-- Activity --
Only one stretch of the data below should be repeated: the lines from the line containing "Item Code: EFCO28" through the line containing "2-Pack Love Graphic", inclusive, exactly as they are.
*** Source data Section Begins ***
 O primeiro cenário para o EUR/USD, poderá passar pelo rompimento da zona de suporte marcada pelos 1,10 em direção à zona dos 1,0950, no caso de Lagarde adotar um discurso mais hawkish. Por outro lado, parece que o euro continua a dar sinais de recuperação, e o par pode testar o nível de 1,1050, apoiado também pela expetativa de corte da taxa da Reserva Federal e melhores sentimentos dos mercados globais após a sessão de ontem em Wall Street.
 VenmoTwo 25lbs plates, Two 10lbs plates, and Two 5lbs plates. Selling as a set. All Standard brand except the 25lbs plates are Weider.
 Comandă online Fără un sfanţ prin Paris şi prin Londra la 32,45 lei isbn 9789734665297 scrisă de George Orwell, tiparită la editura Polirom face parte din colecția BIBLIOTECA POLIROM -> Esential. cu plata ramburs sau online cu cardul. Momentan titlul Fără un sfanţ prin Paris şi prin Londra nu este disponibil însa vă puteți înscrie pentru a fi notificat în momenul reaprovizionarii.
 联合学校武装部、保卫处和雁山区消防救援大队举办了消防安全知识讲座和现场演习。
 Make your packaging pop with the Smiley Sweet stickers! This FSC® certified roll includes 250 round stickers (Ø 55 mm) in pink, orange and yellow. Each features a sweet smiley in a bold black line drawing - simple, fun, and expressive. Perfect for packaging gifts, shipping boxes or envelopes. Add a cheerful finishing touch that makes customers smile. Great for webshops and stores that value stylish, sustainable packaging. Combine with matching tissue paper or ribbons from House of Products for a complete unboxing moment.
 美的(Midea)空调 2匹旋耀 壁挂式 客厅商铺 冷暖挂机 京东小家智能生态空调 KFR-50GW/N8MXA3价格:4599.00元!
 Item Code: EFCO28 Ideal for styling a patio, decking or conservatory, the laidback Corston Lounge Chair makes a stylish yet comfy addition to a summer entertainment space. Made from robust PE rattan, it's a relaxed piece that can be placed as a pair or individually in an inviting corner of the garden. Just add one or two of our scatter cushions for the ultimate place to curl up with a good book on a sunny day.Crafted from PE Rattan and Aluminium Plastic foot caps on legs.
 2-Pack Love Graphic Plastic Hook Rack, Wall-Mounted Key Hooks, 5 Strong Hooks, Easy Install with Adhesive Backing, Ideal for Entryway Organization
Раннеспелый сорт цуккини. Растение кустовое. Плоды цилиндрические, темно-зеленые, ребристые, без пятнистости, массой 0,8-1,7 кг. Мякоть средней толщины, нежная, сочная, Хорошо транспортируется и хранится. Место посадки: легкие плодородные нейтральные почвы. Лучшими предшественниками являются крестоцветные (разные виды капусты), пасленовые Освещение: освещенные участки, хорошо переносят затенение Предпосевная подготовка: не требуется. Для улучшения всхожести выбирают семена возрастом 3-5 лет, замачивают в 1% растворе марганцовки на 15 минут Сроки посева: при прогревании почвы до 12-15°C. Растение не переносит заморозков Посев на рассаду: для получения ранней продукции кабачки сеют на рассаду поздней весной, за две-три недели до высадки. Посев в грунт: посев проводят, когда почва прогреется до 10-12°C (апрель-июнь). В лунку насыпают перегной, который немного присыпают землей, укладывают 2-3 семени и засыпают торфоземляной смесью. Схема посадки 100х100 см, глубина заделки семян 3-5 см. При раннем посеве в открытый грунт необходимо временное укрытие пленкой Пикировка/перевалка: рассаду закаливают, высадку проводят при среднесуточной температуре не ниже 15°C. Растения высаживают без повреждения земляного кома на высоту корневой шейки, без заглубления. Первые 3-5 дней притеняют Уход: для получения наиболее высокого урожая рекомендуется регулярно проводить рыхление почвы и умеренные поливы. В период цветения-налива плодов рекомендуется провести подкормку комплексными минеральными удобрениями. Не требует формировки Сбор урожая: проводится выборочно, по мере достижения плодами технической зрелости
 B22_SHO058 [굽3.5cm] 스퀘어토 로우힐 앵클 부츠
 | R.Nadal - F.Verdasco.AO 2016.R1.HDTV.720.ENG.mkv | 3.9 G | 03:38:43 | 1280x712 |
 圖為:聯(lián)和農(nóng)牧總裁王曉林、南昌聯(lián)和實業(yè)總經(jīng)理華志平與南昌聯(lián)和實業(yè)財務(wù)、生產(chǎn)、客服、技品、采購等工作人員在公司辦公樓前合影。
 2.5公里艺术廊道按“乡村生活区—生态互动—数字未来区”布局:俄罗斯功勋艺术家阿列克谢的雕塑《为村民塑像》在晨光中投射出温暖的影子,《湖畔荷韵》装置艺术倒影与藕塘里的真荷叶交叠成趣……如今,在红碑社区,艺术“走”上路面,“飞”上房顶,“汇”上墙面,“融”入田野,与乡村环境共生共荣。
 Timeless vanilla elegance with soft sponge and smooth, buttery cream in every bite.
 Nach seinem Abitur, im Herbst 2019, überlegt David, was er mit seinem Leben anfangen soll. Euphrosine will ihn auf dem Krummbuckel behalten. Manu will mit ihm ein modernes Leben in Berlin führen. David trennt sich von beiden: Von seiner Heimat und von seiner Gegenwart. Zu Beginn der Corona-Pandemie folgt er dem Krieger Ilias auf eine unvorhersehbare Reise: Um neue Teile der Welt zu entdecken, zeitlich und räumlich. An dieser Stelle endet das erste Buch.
*** Source data Section Ends ***
-- Result --
 Item Code: EFCO28 Ideal for styling a patio, decking or conservatory, the laidback Corston Lounge Chair makes a stylish yet comfy addition to a summer entertainment space. Made from robust PE rattan, it's a relaxed piece that can be placed as a pair or individually in an inviting corner of the garden. Just add one or two of our scatter cushions for the ultimate place to curl up with a good book on a sunny day.Crafted from PE Rattan and Aluminium Plastic foot caps on legs.
 2-Pack Love Graphic Plastic Hook Rack, Wall-Mounted Key Hooks, 5 Strong Hooks, Easy Install with Adhesive Backing, Ideal for Entryway Organization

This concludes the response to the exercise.